= The data =
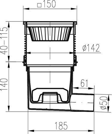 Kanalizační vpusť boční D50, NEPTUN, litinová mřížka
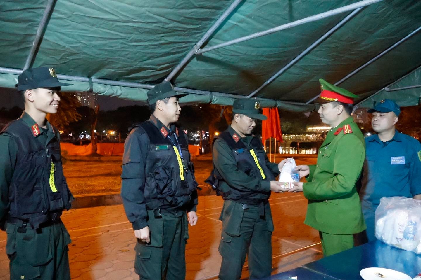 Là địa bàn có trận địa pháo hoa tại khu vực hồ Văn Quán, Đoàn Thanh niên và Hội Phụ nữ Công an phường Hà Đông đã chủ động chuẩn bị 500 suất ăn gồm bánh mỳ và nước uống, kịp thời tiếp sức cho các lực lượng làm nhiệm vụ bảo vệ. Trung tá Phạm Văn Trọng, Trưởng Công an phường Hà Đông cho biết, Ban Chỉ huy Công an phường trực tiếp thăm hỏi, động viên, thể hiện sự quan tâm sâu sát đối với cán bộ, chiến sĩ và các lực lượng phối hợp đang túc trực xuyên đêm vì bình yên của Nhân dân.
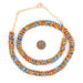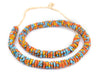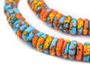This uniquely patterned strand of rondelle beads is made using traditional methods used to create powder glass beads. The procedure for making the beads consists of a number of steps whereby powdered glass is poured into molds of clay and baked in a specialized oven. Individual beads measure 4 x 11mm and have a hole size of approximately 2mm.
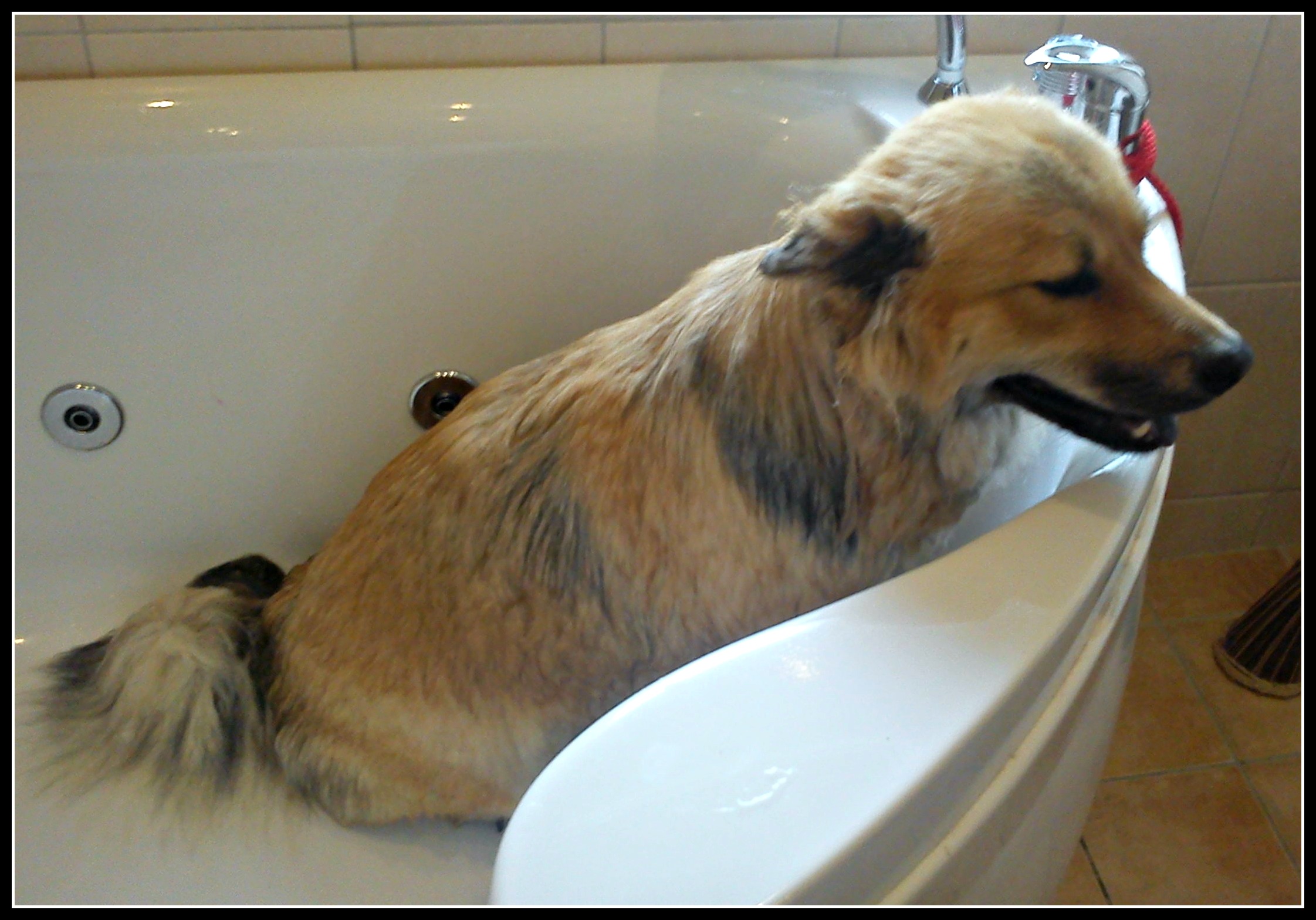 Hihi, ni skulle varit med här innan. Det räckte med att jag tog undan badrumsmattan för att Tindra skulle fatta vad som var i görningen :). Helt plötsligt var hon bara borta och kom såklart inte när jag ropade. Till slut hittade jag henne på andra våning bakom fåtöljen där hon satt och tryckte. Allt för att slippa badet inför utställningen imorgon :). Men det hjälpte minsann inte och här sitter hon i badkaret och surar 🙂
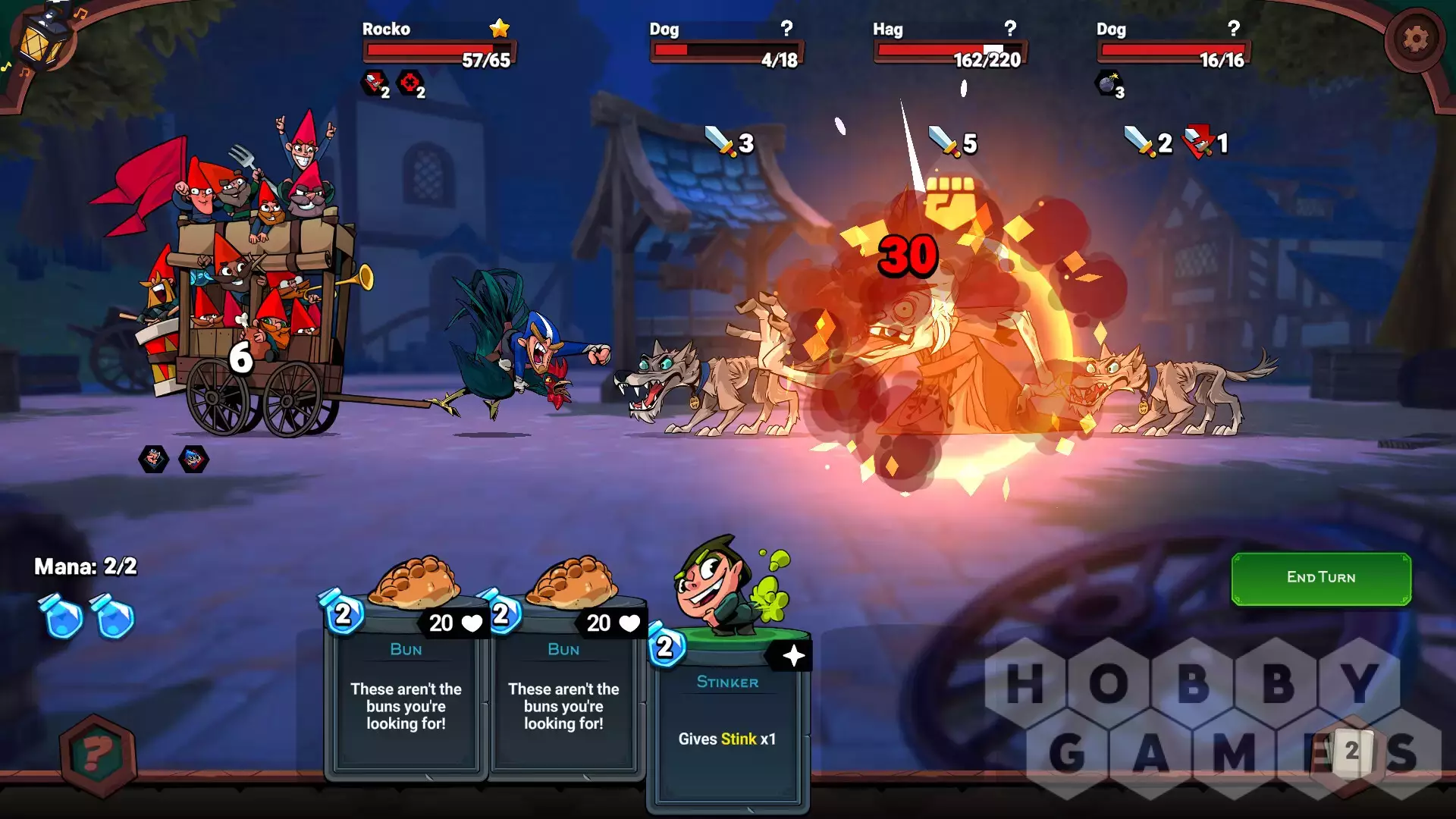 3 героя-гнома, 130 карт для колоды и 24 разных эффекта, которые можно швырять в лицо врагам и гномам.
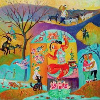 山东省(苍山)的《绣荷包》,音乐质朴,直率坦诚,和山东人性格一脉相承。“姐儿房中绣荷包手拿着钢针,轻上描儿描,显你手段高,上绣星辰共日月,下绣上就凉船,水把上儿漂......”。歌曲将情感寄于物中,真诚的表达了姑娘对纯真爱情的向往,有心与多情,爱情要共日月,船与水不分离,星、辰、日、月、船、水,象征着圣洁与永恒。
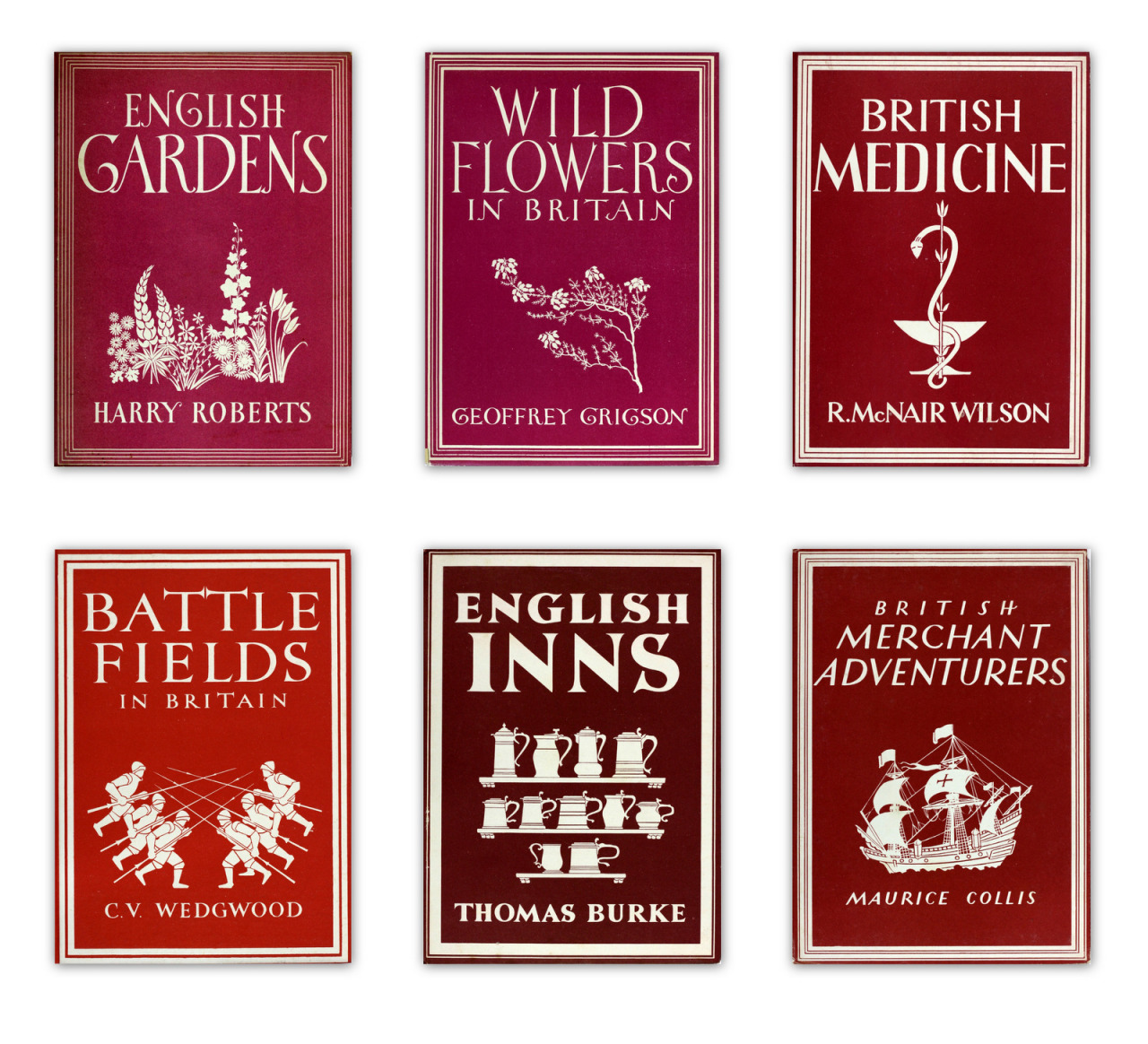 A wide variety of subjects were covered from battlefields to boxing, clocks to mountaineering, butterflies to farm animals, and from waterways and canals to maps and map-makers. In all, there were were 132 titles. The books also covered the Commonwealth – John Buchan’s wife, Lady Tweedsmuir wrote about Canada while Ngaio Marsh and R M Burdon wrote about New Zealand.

= Exercise prompt =
The whole listing above must be duplicated word for word, apart from its pictures.

= Exercise response =
 Kanalizační vpusť boční D50, NEPTUN, litinová mřížka
 Là địa bàn có trận địa pháo hoa tại khu vực hồ Văn Quán, Đoàn Thanh niên và Hội Phụ nữ Công an phường Hà Đông đã chủ động chuẩn bị 500 suất ăn gồm bánh mỳ và nước uống, kịp thời tiếp sức cho các lực lượng làm nhiệm vụ bảo vệ. Trung tá Phạm Văn Trọng, Trưởng Công an phường Hà Đông cho biết, Ban Chỉ huy Công an phường trực tiếp thăm hỏi, động viên, thể hiện sự quan tâm sâu sát đối với cán bộ, chiến sĩ và các lực lượng phối hợp đang túc trực xuyên đêm vì bình yên của Nhân dân.
This uniquely patterned strand of rondelle beads is made using traditional methods used to create powder glass beads. The procedure for making the beads consists of a number of steps whereby powdered glass is poured into molds of clay and baked in a specialized oven. Individual beads measure 4 x 11mm and have a hole size of approximately 2mm.
 Hihi, ni skulle varit med här innan. Det räckte med att jag tog undan badrumsmattan för att Tindra skulle fatta vad som var i görningen :). Helt plötsligt var hon bara borta och kom såklart inte när jag ropade. Till slut hittade jag henne på andra våning bakom fåtöljen där hon satt och tryckte. Allt för att slippa badet inför utställningen imorgon :). Men det hjälpte minsann inte och här sitter hon i badkaret och surar 🙂
 3 героя-гнома, 130 карт для колоды и 24 разных эффекта, которые можно швырять в лицо врагам и гномам.
 山东省(苍山)的《绣荷包》,音乐质朴,直率坦诚,和山东人性格一脉相承。“姐儿房中绣荷包手拿着钢针,轻上描儿描,显你手段高,上绣星辰共日月,下绣上就凉船,水把上儿漂......”。歌曲将情感寄于物中,真诚的表达了姑娘对纯真爱情的向往,有心与多情,爱情要共日月,船与水不分离,星、辰、日、月、船、水,象征着圣洁与永恒。
 A wide variety of subjects were covered from battlefields to boxing, clocks to mountaineering, butterflies to farm animals, and from waterways and canals to maps and map-makers. In all, there were were 132 titles. The books also covered the Commonwealth – John Buchan’s wife, Lady Tweedsmuir wrote about Canada while Ngaio Marsh and R M Burdon wrote about New Zealand.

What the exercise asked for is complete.